A triumph of data: How Ted Cruz engineered his victory in Iowa

Wilson swiftly recalibrated the challenge as a matter of numbers. On his phone, he summoned a report that counted 9,131 individual Iowans whom Wilson’s statistical models had identified as choosing between the two leading candidates. Those people existed at the overlap of likely caucus-goers who were seen as considering both Cruz and Trump; anyone who also ranked Marco Rubio highly was pushed out of the group. “These aren’t people you want to contrast with Trump and push to Rubio,” explained Wilson. (There were, separately, 6,309 voters then choosing between Cruz and Rubio but not Trump.) Those who remained were a remarkably homogeneous group: 91 percent male, two-thirds of them likely to self-associate as evangelical Christians.

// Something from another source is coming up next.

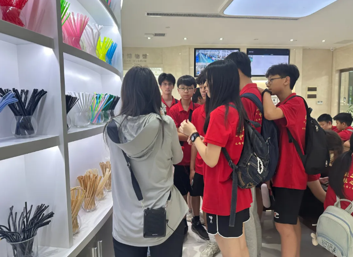 隨后,同學(xué)們深入吸管博物館展區(qū),逐一探索了吸管的歷史演變:從原始的秸稈吸管,到工業(yè)初期的紙制吸管,再到現(xiàn)代普及的塑料吸管,直至未來趨勢(shì)的聚乳酸可降解吸管,每一步都見證了人類智慧與環(huán)保意識(shí)的進(jìn)步。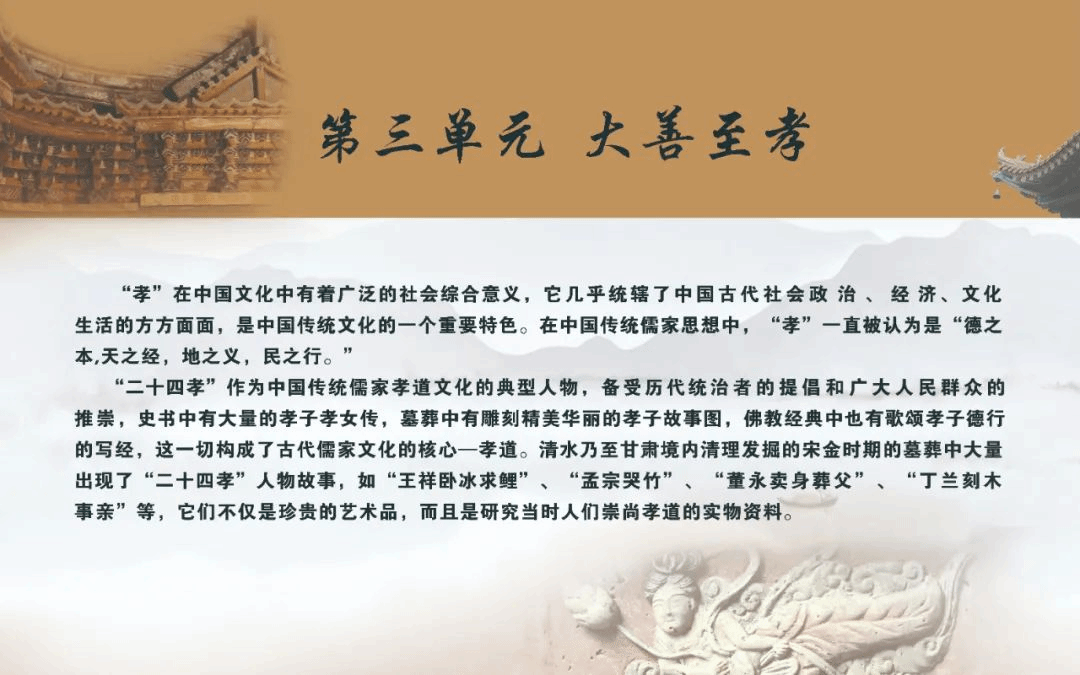 二十四孝传故事在清水乃至甘肃宋墓中大量出现。究其原因,当与宋代高度发达的理学有关。孝悌观念一直是儒家伦理道德的核心,历代统治者也把提倡孝道孝行作为立身教民之本、安邦治国之基,不断旌表褒奖孝子,为之立传。“孝道”作为儒家文化修身、治国之本,在宋代理学中仍居核心地位。宋代理学的主要宗旨是维护中央集权统治和礼仪纲纪伦理,在这种政治文化氛围中,墓葬作为反映现实生活的重要场所,大量雕绘孝子事迹图,一方面反映了墓主人生活时代的精神文化面貌,另一方面表现了墓主人生前尽孝行道的生活以及希冀后代子孙行孝积善、以获福报的强烈愿望。

For the closing days of the Iowa campaign, Cruz’s campaign had defined such pools for each of his major opponents as part of what was known internally as the Oorlog Project, named by a Cruz data scientist who searched online for “war” translated into different languages and thought the Afrikaner word looked coolest. It was just the latest way that Cruz’s analytics department had tried to slice the Iowa caucus electorate in search of an advantage for its candidate. They had divided voters by faction, self-identified ideology, religious belief, personality type—creating 150 different clusters of Iowa caucus-goers—down to sixty Iowa Republicans its statistical models showed as likely to share Cruz’s desire to end a state ban on fireworks sales.